On 8th of February, Peter Eisentraut committed patch:

Per-column collation support
 
This adds collation support for columns and domains, a COLLATE clause
to override it per expression, and B-tree index support.
 
Peter Eisentraut
reviewed by Pavel Stehule, Itagaki Takahiro, Robert Haas, Noah Misch
 
Branch
------
master

This is really, really great.

Let's see.
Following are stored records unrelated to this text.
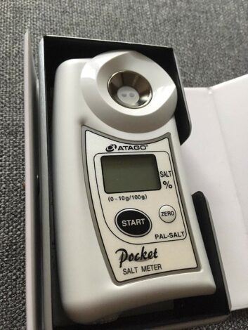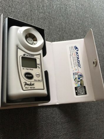 • Цифровой солемер PAL-SALT использует метод электропроводимости для измерения уровня солёности растворимых веществ в жидкости. PAL-SALT является первым солемером ATAGO со встроенной функцией оффсeта, позволяющей выводить результаты с автоматическим вычислением поправочного коэффициента. Данную функцию можно использовать, например, для автоматического ввода коэффициента разбавления или для ввода собственного поправочного коэффициента, который позволит получать результаты, согласующиеся с методом титрования. Для калибровки или проверки точности работы солемера Вы можете приобрести ГСО «NaCl» номиналом 2,5%. Поверка солемера PAL-SALT осуществляется в аккредитованной лаборатории АНК и занимает от 1 до 5 дней.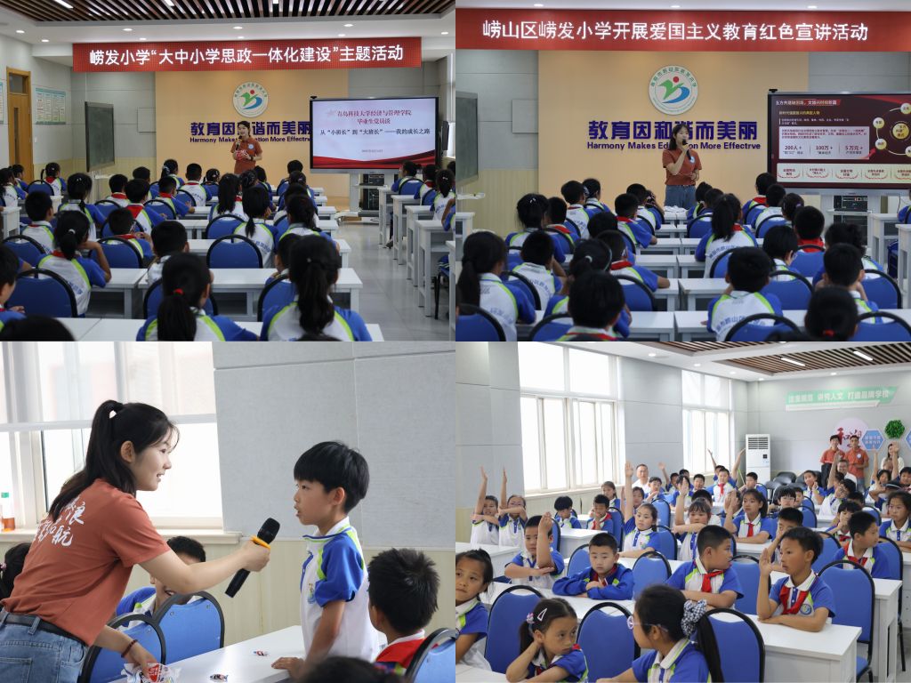 仪式结束后,暖心愿志愿团队立即开展首次志愿活动。在“大中小学思政一体化建设”主题活动中,团队成员化身红色宣讲员,以“从‘小班长’到‘大班长’的成长故事”为引,结合自身经历,用通俗易懂的语言向孩子们传递责任与担当。在“强国复兴有我:红色传承启新程”故事宣讲环节,志愿者们以亲历的乡村振兴实践为切入点,生动讲述扎根乡土助力产业发展、用青春力量服务国家战略的奋斗者故事。互动问答间,孩子们踊跃举手发言,现场气氛热烈。志愿者们用鲜活的案例与亲切的话语,将红色文化的种子播撒在孩子们心间,引导他们从小树立家国情怀,让强国复兴的理想信念在互动交流中悄然生根发芽。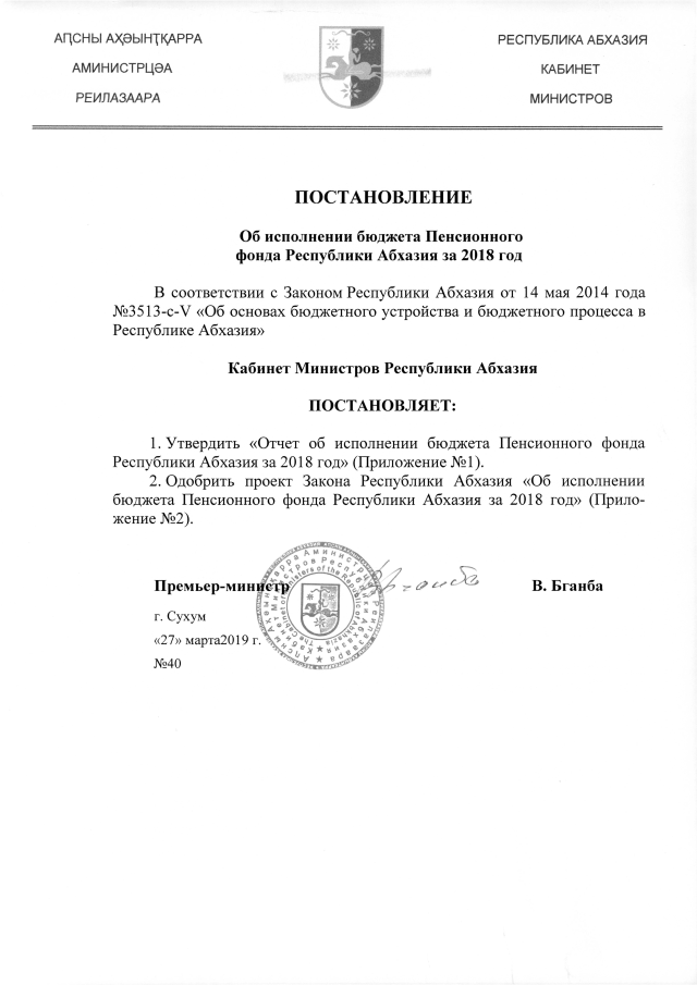 Постановление Кабинета Министров Республики Абхазия от 27.03.2019 №40 "Об исполнении бюджета Пенсионного Фонда Республики Абхазия за 2018 год"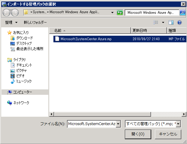 次はより便利に管理するために、Windows Azure 管理パックを利用できるようにインポートします。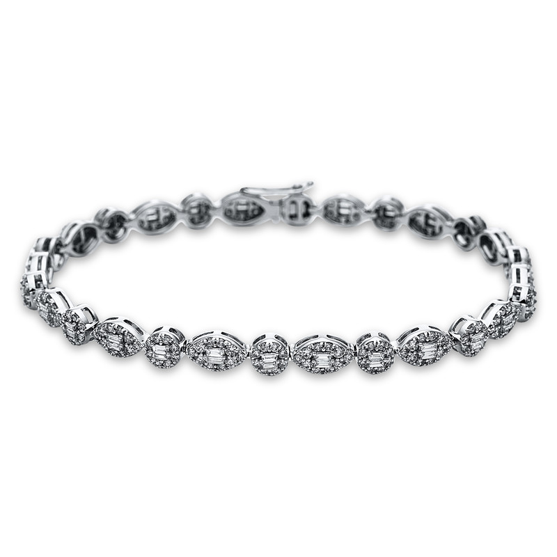 Armband 18 kt WG, 56 Baguette 0,79 ct, TW-si, 252 Brillanten 2,36 ct, TW-si, B:185,0 mm

I have 9.1 database with American locale (en_US.UTF-8):

$ select name, setting from pg_settings where name ~ 'lc_';
name | setting
-------------+-------------
lc_collate | en_US.UTF-8
lc_ctype | en_US.UTF-8
lc_messages | en_US.UTF-8
lc_monetary | en_US.UTF-8
lc_numeric | en_US.UTF-8
lc_time | en_US.UTF-8
(6 rows)

Now, let's assume we want some Polish words:

$ create table normal_polish ( some_text text );
CREATE TABLE
 
$ copy normal_polish from '/tmp/polish';
COPY 14
 
$ select * from normal_polish ;
some_text
-----------
ćma
łódka
śnieg
mama
ser
car
lama
żółw
zorza
tata
źdźbło
coś
alfa
szopa
(14 rows)

and some Czech:

$ create table normal_czech ( some_text text );
CREATE TABLE
 
$ copy normal_czech from '/tmp/czech';
COPY 8
 
(depesz@[local]:5910) 13:56:54 [depesz]
$ select * from normal_czech ;
some_text
-----------
1234
červený
chleba
cihla
damašek
žluťoučký
kůň
zelí
(8 rows)

The problem is that while sorted outputs can look sensible to others – they are not properly sorted in Polish and Czech languages:

$ select * from normal_czech order by some_text;
some_text
-----------
1234
červený
chleba
cihla
damašek
kůň
zelí
žluťoučký
(8 rows)
 
$ select * from normal_polish order by some_text;
some_text
-----------
alfa
car
ćma
coś
lama
łódka
mama
ser
śnieg
szopa
tata
źdźbło
żółw
zorza
(14 rows)

Up to 9.0 you couldn't really do anything about it.

But now, I can:

$ create table collated_polish (some_text text collate "pl_PL.utf8");
CREATE TABLE
 
$ copy collated_polish from '/tmp/polish';
COPY 14
 
$ select * from collated_polish order by some_text;
some_text
-----------
alfa
car
coś
ćma
lama
łódka
mama
ser
szopa
śnieg
tata
zorza
źdźbło
żółw
(14 rows)

It's interesting, because I had pl_PL locales installed when doing initdb, but I didn't have cs_CZ, so it will fail:

$ create table collated_czech (some_text text collate "cs_CZ.utf8");
ERROR: collation "cs_CZ.utf8" for current database encoding "UTF8" does not exist
LINE 1: create table collated_czech (some_text text collate "cs_CZ.u...
^

Luckily, with all locale files for cs_CZ installed, fixing it is simple:

$ CREATE COLLATION "cs_CZ.utf8" ( locale = 'cs_CZ.UTF-8' );
CREATE COLLATION
 
$ create table collated_czech (some_text text collate "cs_CZ.utf8");
CREATE TABLE
 
$ copy collated_czech from '/tmp/czech';
COPY 8
 
$ select * from collated_czech order by some_text;
ERROR: could not create locale "cs_CZ.UTF-8": Success

The last error is actually pretty bad. I mean – we all know stories about error dialogs saying “error: success", but apparently now it did hit PostgreSQL too.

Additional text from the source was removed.